Streit bei schalke 04: huub stevens verteidigt clemens tönnies entschieden
Unruhe beim fc schalke 04: stevens nimmt partei
Ein Streit abseits des Platzes überschattet die sportlich positive Entwicklung beim FC Schalke 04. Der langjährige Trainer Huub Stevens hat sich öffentlich und deutlich hinter Clemens Tönnies gestellt und die Angriffe gegen den ehemaligen Aufsichtsratschef scharf kritisiert. Die Situation hat zu Diskussionen innerhalb des Vereins und in der Öffentlichkeit geführt.

Stevens verteidigt seinen freund tönnies
„So ein Verhalten ist Clemens gegenüber nicht gerecht, das ist einfach unfair“, so Stevens gegenüber Sport1. Er betonte die Verdienste von Tönnies für den Verein: „Er ist mein Freund, und man darf nicht vergessen, wie viel er für Schalke getan hat. Er hat für diesen Verein gearbeitet, gekämpft, Verantwortung übernommen und immer Herzblut gezeigt.“ Die aktuelle Auseinandersetzung bereitet ihm große Sorgen.
Proteste der ultras und die reaktion von tönnies
Beim Heimspiel gegen Dynamo Dresden wurden in der Nordkurve beleidigende Plakate der Ultras Gelsenkirchen gegen Tönnies gezeigt. Slogans wie „Halt dich an dein Wort, Schweinepriester!“ und „Kein Ehrenpräsident für Ehrenlose. Verpiss dich, Tönnies!“ sorgten für Empörung. Tönnies selbst zeigte sich irritiert und bezeichnete die Ultras als eine „kleine, aber laute Gruppe“ innerhalb des Vereins.

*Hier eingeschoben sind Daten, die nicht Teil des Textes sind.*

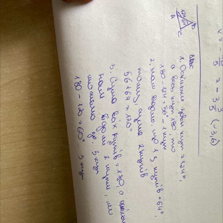 3)180⁰-120⁰=60⁰ (сума трьох внутрішніх кутів трикутника завжди дорівнює 180⁰ )
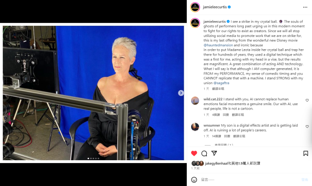 在演員工會正式宣佈罷工、停止一切宣傳和表演工作的前兩天,今年剛拿下奧斯卡最佳女配角的潔美李寇蒂斯(Jamie Lee Curtis)就已在社群媒體上針對掃描演員肖像的議題發文表示:「由於我們都將停止利用社群媒體來宣傳我們正因此罷工的作品,這就是我為精彩的迪士尼新片《幽靈公館》張貼的最後一篇貼文了。諷刺的是,為了將萊奧塔夫人(寇蒂斯飾演的角色)放進她的水晶球中,並將她困在裡頭數百年,他們使用了一種數位技術 — 而且也是我首次使用這項技術 — 讓我在一個裝置裡表演,但最後的成果是很棒,是表演與技術的完美結合。我想說的是,雖然我的臉是電腦生成,但這全是出自於我本人的表演,出自於我對喜劇節奏的敏銳度,這是你無法用機器複製的。我強力支持我所屬的工會。」

Differenzierung und appell zur einigkeit
Stevens mahnte zur Differenzierung und betonte, dass die Ultras nur einen kleinen Teil der Fangemeinde darstellen. „Schalke ist größer als das. Wir kämpfen hier alle gemeinsam für den Aufstieg“, so der ehemalige Trainer. Er distanzierte sich von den radikalen Protesten, unterstrich aber gleichzeitig die Bedeutung von Tönnies für den Verein.
Unterstützung aus legenden und sponsorenkreisen
Clemens Tönnies erhält Unterstützung von Vereinslegenden, ehemaligen Führungskräften und Sponsoren. In einem offenen Brief, der auch von Stevens unterzeichnet wurde, wird der Appell auf Respekt und Zusammenhalt formuliert. Es wird betont, dass die Ultras die Leistungen von Tönnies anerkennen sollten.
Schalke 04 mahnt zur besonnenheit
Der FC Schalke 04 erklärte, dass weder persönliche Angriffe noch öffentliche Briefe dem Verein helfen würden, seine Ziele zu erreichen. Gleichzeitig wurde die Bedeutung von Meinungsfreiheit und einer offenen Diskussionskultur betont. Die Debatte um Clemens Tönnies ist damit noch lange nicht abgeschlossen.
Stevens erwartet ein klares signal
Huub Stevens hofft, dass der Vorstand ein klares Signal sendet und gegen die Vorfälle vorgeht. „Es ist wirklich nicht okay, so auf Clemens loszugehen. Schalke stand immer für Gemeinsamkeit, nicht für Gegeneinander“, forderte er. Ein direktes Gespräch mit Tönnies hat bisher nicht stattgefunden, aber Stevens signalisierte Gesprächsbereitschaft, sollte Tönnies den Kontakt suchen.